More Dirty Air Controls Are Installed. Power plant emissions from Duke Energy and seven other utilities could cause premature deaths in 560 adults a year in the Carolinas, even after more effective pollution controls are installed, says a study by a consulting firm.
Abt Associates did the report on fine-particle pollutants for the Rockefeller Family Fund, a New York philanthropy that advocates for the environment and other causes. Abt is an air-pollution consultant for the Environmental Protection Agency, and the EPA’s former enforcement chief served as project manager for the study.
Abt focused on eight utilities, including Duke, that the government has sued over power-plant emissions. It estimates premature deaths and illnesses, by state, that would be caused by fine particles from each utility in 2007.
“We thought it was time to point some fingers” at those utilities, said Rob Kaplan, a spokesman for Rockefeller.
The report based its estimate on 2007 because that’s when new federal limits on power-plant releases are to be in place. It says emissions by then will lead to 5,900 premature deaths among people 30 or older in the United States. It would also cause 4,300 additional cases of chronic bronchitis and 140,000 asthma attacks a year.
EPA officials in Research Triangle Park, where the agency researches the health effects of air pollution, couldn’t be reached Thursday.
NEW POLLUTION CONTROLS
Duke said its eight coal-fired power plants meet federal and state standards, and that the company is investing hundreds of millions in new pollution controls. Duke serves more than 2 million customers in the central and western parts of the Carolinas.
An electric industry group said it doubts the study’s methodology and conclusions, which haven’t been reviewed by science peers for publication.
“The scientific evidence is not there that would link power-plant emissions, as opposed to other sources of particulates, as a main cause of specific health effects,” said Jayne Brady of the Edison Electric Institute.
Abt, however, says its findings are conservative. The computer models Abt used to produce the estimates are the same it uses on behalf of the EPA, Kaplan said.
Power plants are believed to produce at least 75 percent of the state’s fine-particle pollution, an N.C. Division of Air Quality spokesman said. Sixteen N.C. counties, including Mecklenburg, and four in South Carolina have recorded fine-particle levels in excess of a new federal standard.
A study published last month in the Journal of the American Medical Association linked high concentrations to premature death from heart disease and lung cancer.

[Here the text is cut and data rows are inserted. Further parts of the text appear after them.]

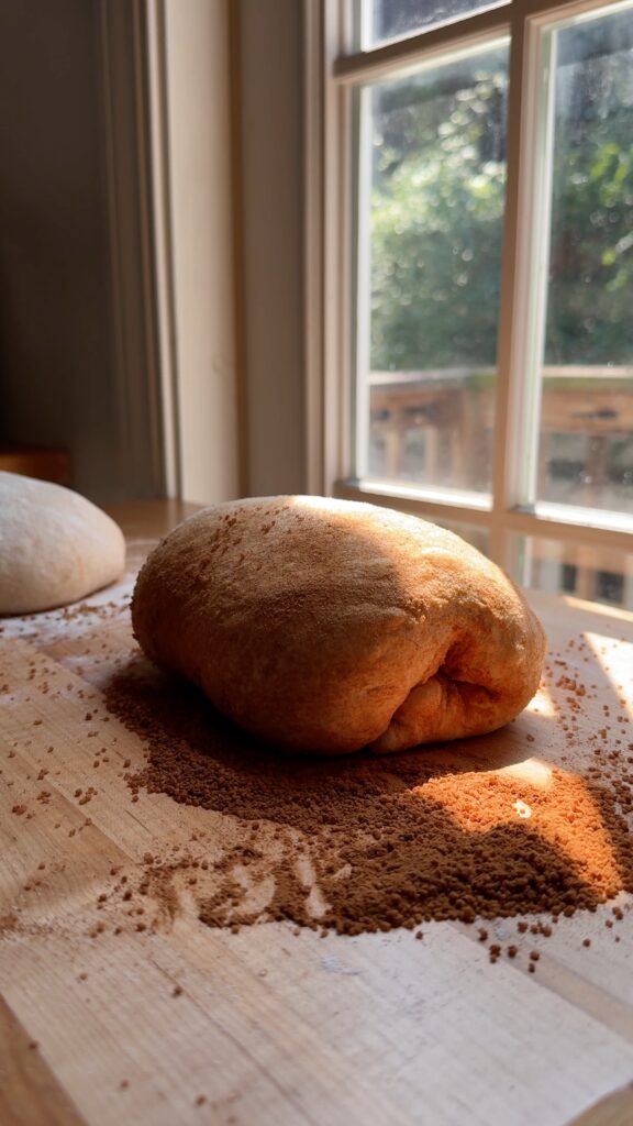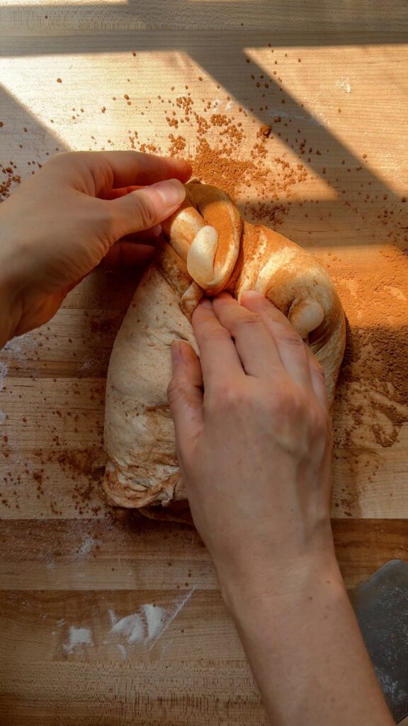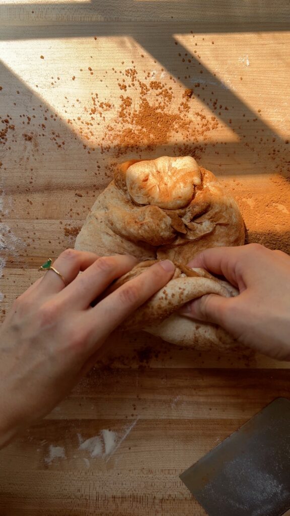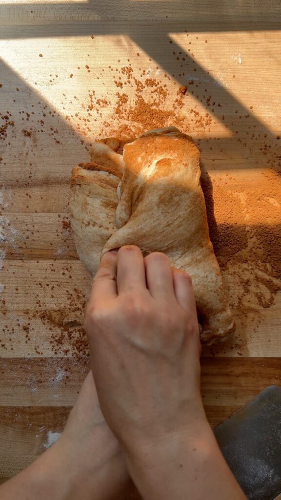 Stretch out the two dough pieces into a rectangle again. Fold one side of the dough one third of the way over, as if closing a book. Fold the other side over to make the dough into a package. Use your fingers to “pinch” together the dough on the shortest side of the package. Then, repeat this in the center of the dough and once more at the other shortest side of the dough. Roll up the dough, carefully encapsulating all the cinnamon sugar inside. Pull the seam of the dough taut by gently pulling the dough ball towards you and letting the seam grip the surface of the counter.
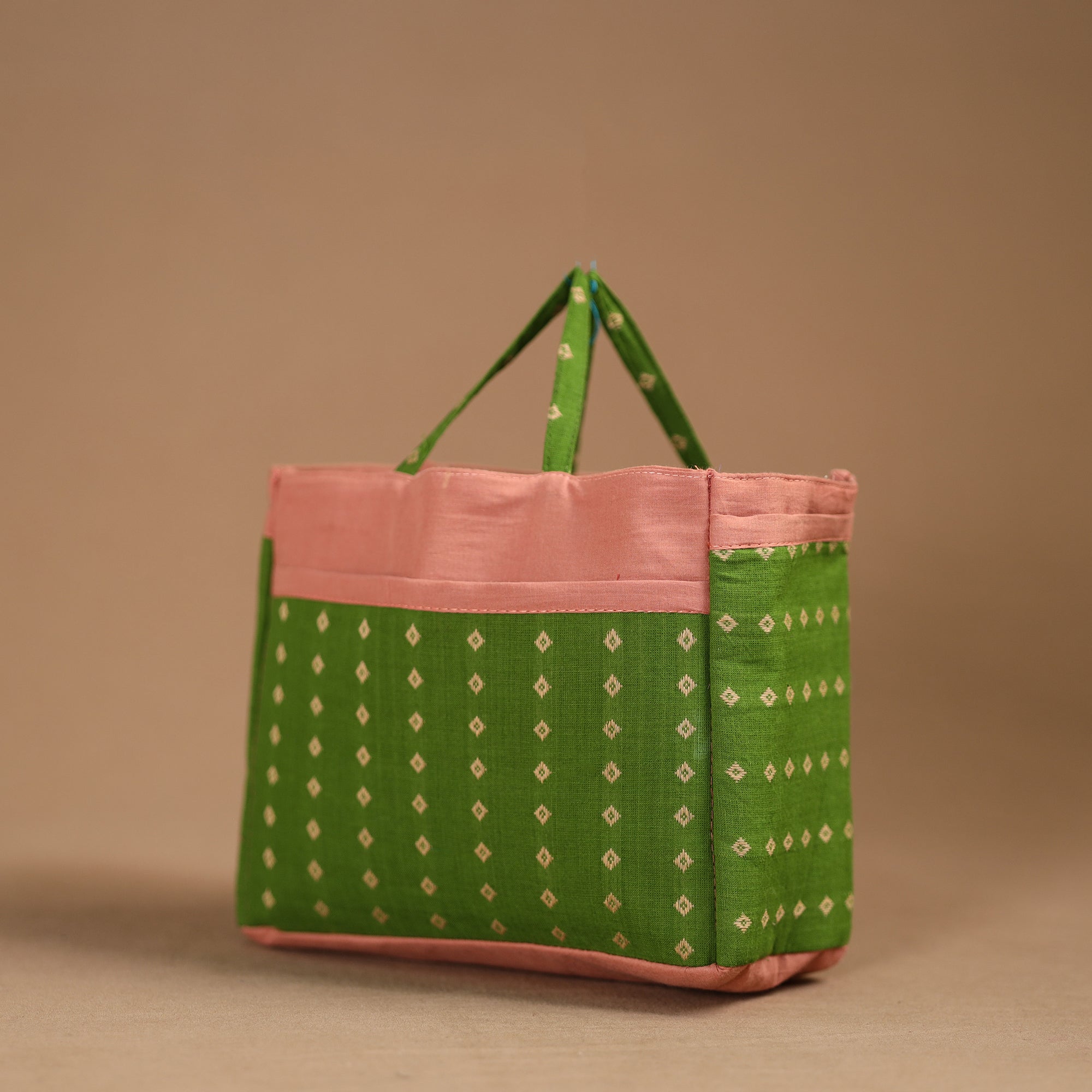 Handmade multipurpose cosmetic/toiletry bag. This bag is crafted from cotton fabric with a spill-proof plastic layer inside, textured with handmade textiles from India. It has two simple pockets, one zipper pocket inside, and four convenient pockets on the outside.
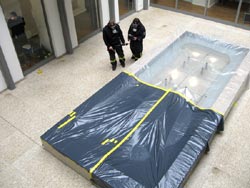 Neben der Abschaltung der Lüftung des Gebäudes führte die Feuerwehr mit einem speziellen Messfahrzeug, unter der Leitung eines Chemikers, entsprechende Messungen durch. Nachdem um 12.24 Uhr der Brunnen luftdicht verschlossen war, konnte Entwarnung gegeben werden.
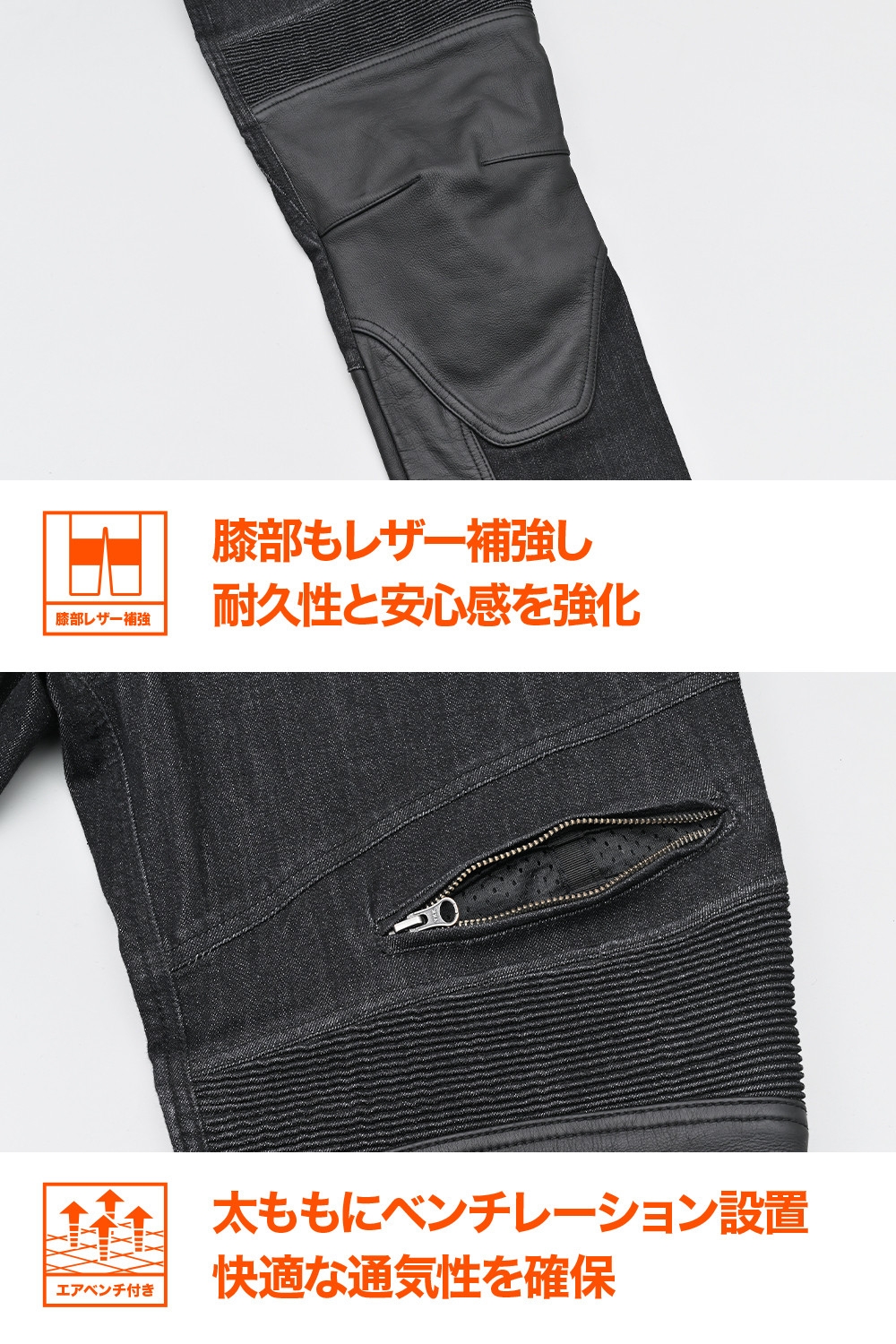 後ろポケット下部や膝部分にもレザー補強を施し、シートとの擦れや摩耗を防止。耐久性と保護力をさらに高めています。
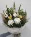 A stunning pacific bouquet is created with white and green flowers/foliage in a natural flax mat.

The Abt study says Duke’s emissions alone will contribute nationally to the premature deaths of 550 people; 420 additional cases of chronic bronchitis; 596 additional hospital admissions; 14,000 asthma attacks and 110,000 lost days of work.
Only 157 of those deaths, and a proportionate amount of sickness, would come from the Carolinas.
Emissions that form fine particles can travel hundreds of miles on the wind. Abt estimated that each of the eight utilities — most of which are in the Southeast and Ohio Valley — would be responsible for health problems in many states.
The study attributes 76 early deaths a year in the Carolinas to the Tennessee Valley Authority and 126 deaths to Atlanta-based Southern Co.
Duke said its coal-fired plants are among the most efficient in the nation. Pollution controls now being installed will reduce emissions of nitrogen oxide 75 percent by 2004.
“We’re very proud of our coal plants,” said Duke spokesman Tom Williams.
Williams said Duke will support an N.C. clean-air measure that would further reduce pollutants, if it allows the utility to recover the cost of new pollution devices from customers.
“We can only do what we’re required to do,” Williams said. “If the requirements change, we’ll comply with them.”
A 2000 lawsuit that charges Duke with modifying its coal-fired plants without upgrading pollution controls is still before a federal court.
Eric Schaeffer, listed as project manager for the Abt study, left as EPA’s chief of civil enforcement last month and was hired as a Rockefeller consultant.
Schaeffer has criticized the Bush administration’s enforcement of the Clean Air Act, saying it weakened the government’s ability to force new pollution controls on the utilities it had sued.